Nervös fiel mein Blick auf den Braunhaarigen, der langsam auf uns zu kam und dabei lachend in Dados Armen gehalten wurde, während ich überlegte, ob er wieder ein Stück größer geworden war. Schließlich war er schon wieder etwas länger her, dass wir uns gesehen hatten. Wahrscheinlich war das letzte Mal kurz vor Weihnachten gewesen, so richtig konnte ich mich aber nicht mehr erinnern. Nachdem Manu endgültig zu seinem Vater nach Texas gezogen war, schien es doch eine schwerere Aufgabe zu sein, Kontakt zu halten. Viel schwerer, als ich gedacht hatte. Besonders da das Senior Year uns allen unglaublich viel Zeit kostete. Zeit, die für uns wertvoll gewesen wäre. Obwohl Manu neben der Schule nicht mehr arbeiten und sich um den Haushalt kümmern musste, schien seine freie Zeit nicht mehr zu werden. Er arbeitete weiterhin hart daran, auf ein gutes College zu kommen und Arzt zu werden, während er nebenbei für seinen Traum viel zu viele Kurse annahm. Wieder einmal gewann er seinen Schülersprecherposten, spielte im Chor, im Theater und versuchte seine Musikkarriere durch Patricks Unterstützung aufrecht zu erhalten. Und wenn er mal die Zeit fand, seine Heimat zu besuchen, besuchte er sie meist nur um seine Mutter zu sehen, die weiterhin ziemlich zufrieden in einer Anstalt lebte.

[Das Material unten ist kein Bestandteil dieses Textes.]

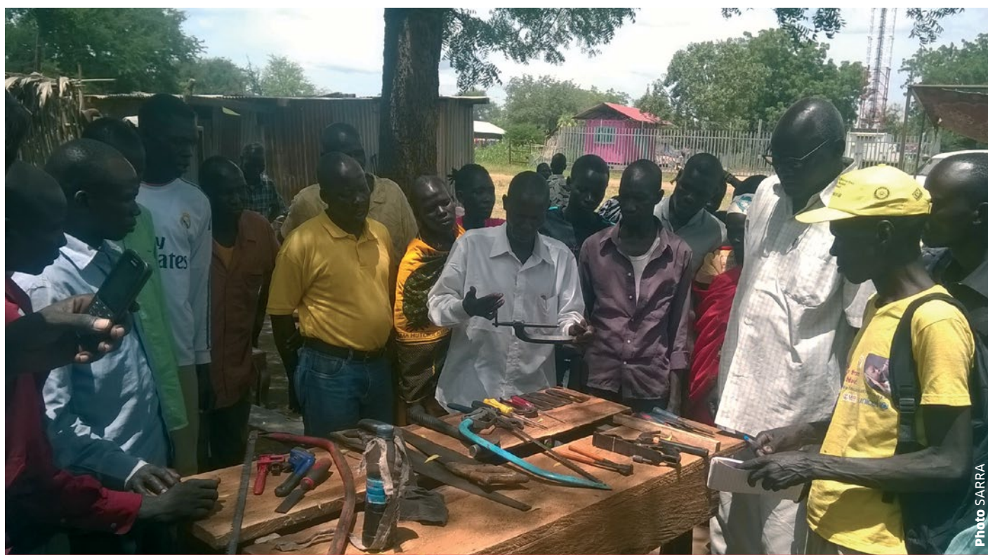
Vocational training in Torit.

In November 2016, SARRA conducted an exposure visit for the trainees to the State Ministry of Education, the State Ministry of Infrastructure, the State Ministry of Social Development and the office of the State Peace Commissioner. The visit was meant to familiarize the youth with the relevant line ministries of Eastern Equatoria State. Following these visits, the Director of Quality Education in the State Ministry of Education, Gender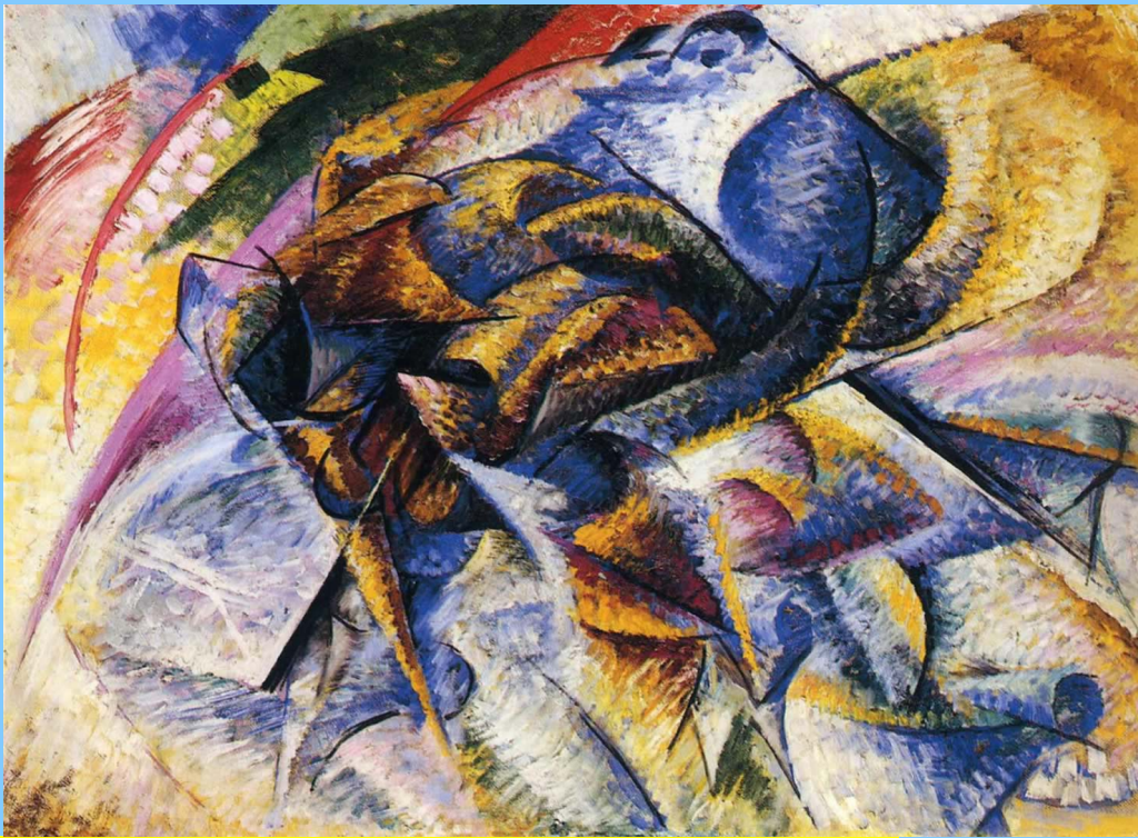
Dynamism of a Cyclist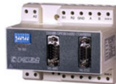
RS 485/232 intelligent converter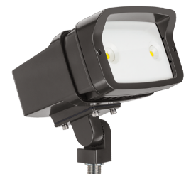
Vandal Guard (Polycarbonate lens) OFL1VG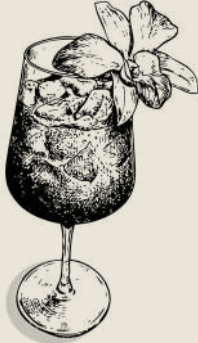
LUNA SPRITZ | $22 Bombay Sapphire, Aperol, Lychee-Shiso Cordial, St. Germain, Yuzu, Prosecco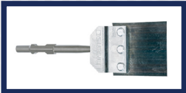
1. Tile Smasher Head with 30mm HEX Shank Combo V2 TSHC-SS-AU-V2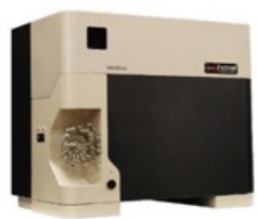
Benchtop Mass Spectrometers for Real-Time, ppb-level, Multi-Impurity Analysis MAX300-LG™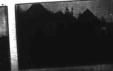
BEDFORD SQUARE TANGA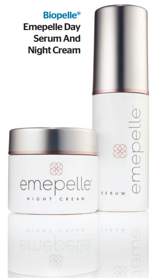
Biopelle® Emepelle Day Serum And Night Cream

Auch wenn ich all das nachvollziehen konnte, genauso wie seine Entscheidung in Texas zu bleiben, war es nicht leicht zu sehen, wie mein eigentlich bester Freund ein ganz eigenes Leben aufbaute, in dem ich viel weniger vorkam.
"Er würde dich niemals aus seinem Leben streichen, Micha. Das weißt du genauso gut wie ich.", hatte Dado mir vor ein paar Monaten versichert, als ich meine Gedanken dazu zum ersten Mal geäußert hatte. Und mir war dies bewusst. Trotzdem ließen mich die Zweifel aber nicht los, besonders weil ich seit diesem einen Tag nie aufgehört hatte, zu denken, dass Manu seinen Freiraum brauchte. Von seiner Heimat. Seiner alten Schule. Seinen alten Freunden. Alles Dinge, die ihn an den Schmerz erinnerten, den er verspürt haben musste.

Unsicher schielte ich ihn an und bemerkte jetzt erst, dass seine Haare etwas kürzer geworden waren. Und als sein Blick endlich meinen traf, ein Lächeln seine Lippen schmückte und seine Gesichtszüge so entspannt waren, wie noch nie zuvor seit ich ihn kannte, bemerkte ich erst richtig, wie sehr er sich wohl verändert habe und wie sehr er das wohl gebraucht hatte. Zögerlich ging ich einen Schritt auf ihn zu und versuchte die etwas angespannte Atmosphäre zu ignorieren, die mir Dados besorgter Blick auf mir zeigte, während ich behutsam meine Arme um den Braunhaarigen legte und es sich für einen kurzen Moment so anfühlte, als wären wir wieder im Junior Year und ich dachte, sein einziges Problem wäre, dass er nur eine zwei statt eine eins in Physik geschrieben hatte.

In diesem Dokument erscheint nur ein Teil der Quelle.